Market Return | 1.0 | 0.99 | 0.01 | 0.93 | 0.95 |

Market Eigen Portfolio | 0.99 | 1.0 | 0.01 | 0.97 | 0.98 |

2nd Eigen Portfolio | 0.01 | 0.01 | 1.0 | 0.11 | 0.08 |

KRW + JPY | 0.93 | 0.97 | 0.11 | 1.0 | 0.99 |

KRW + JPY + SGD | 0.95 | 0.99 | 0.08 | 0.99 | 1.0 |

- The Eigen Portfolio 1 is most correlated with the equal-weighted portfolio.
- With just KRW and JPY you get to a 93% correlation with the market.
- KRW, JPY and SGD gets you to a 95% with the market.

As expected Eigen portfolio 2 is the most uncorrelated with the market.

## Summary

So our final answer to the client would be:

- We have a proprietary portfolio (the market eigen portfolio) that you should hedge with - this will give you the best outcome.
- If you don’t want the full portfolio use a 60/40 ratio of KRW and JPY.
- SGD probably isn’t a great idea and will leave you exposed.

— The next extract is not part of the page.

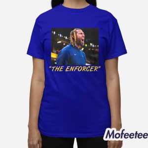 The Enforcer Shirt showcases a compelling graphic that captures attention at first glance. The front of the shirt features a vibrant image of an individual with braided hair, radiating power and charisma while dressed in a stunning blue outfit. The backdrop of soft, blurred lights accentuates the focus on the central figure. To complete its bold personality, the text THE ENFORCER is prominently displayed in bold yellow letters below the graphic, ensuring that the design is as commanding as its name.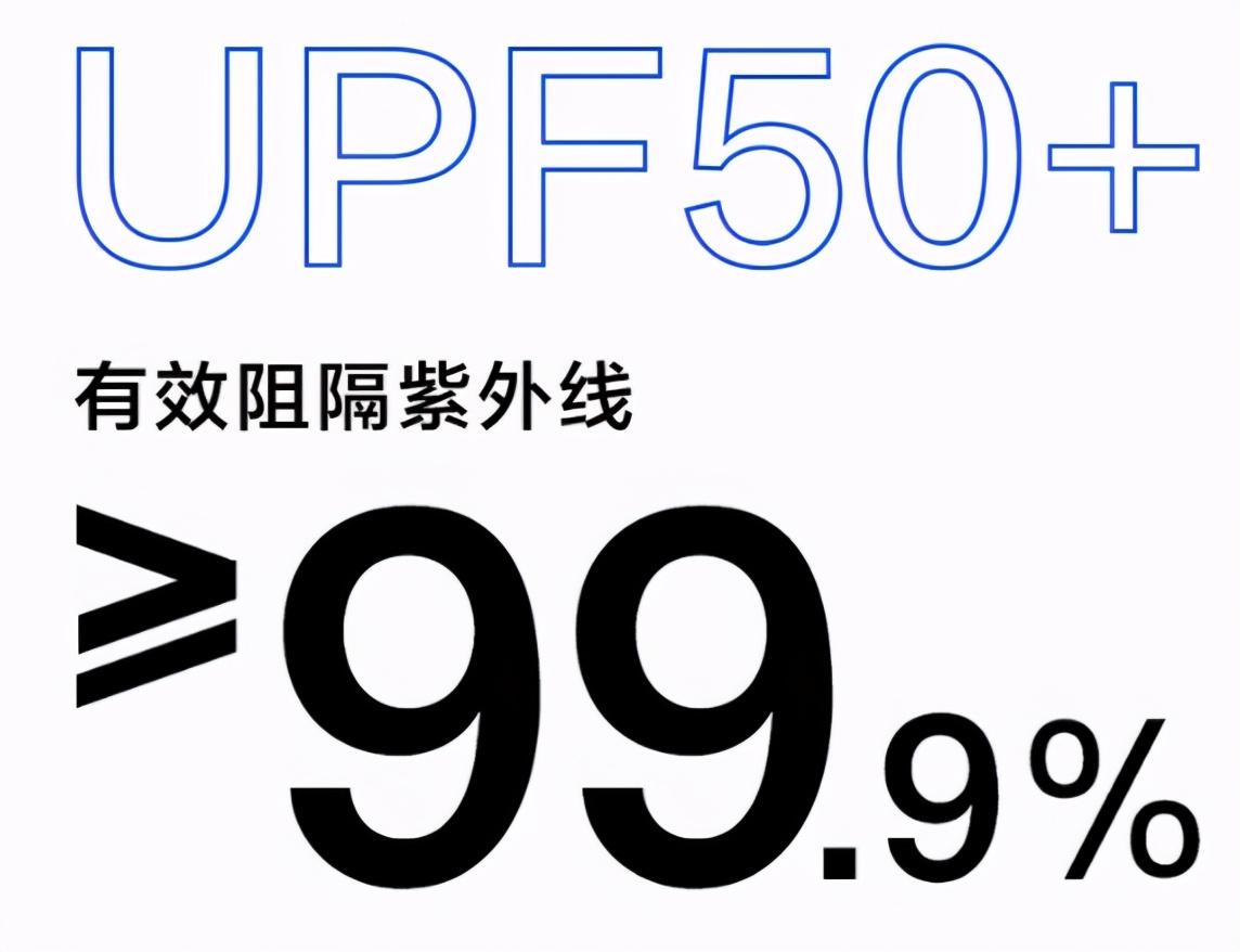 在防晒力度上,采用科技防晒纤维,持久防护,达到UPF50+,紫外线阻隔率高达≥99.9%,出行时尽享日光浴,无惧紫外线困扰啦~

Now, we are assuming that these weightings are stable through time and haven’t changed recently and are therefore valid for the future returns too. We are ignoring transaction costs, KRW being an NDF and more expensive to trade compared to a spot currency (like JPY) means that this approach will break down if the client needs to hedge a significant amount.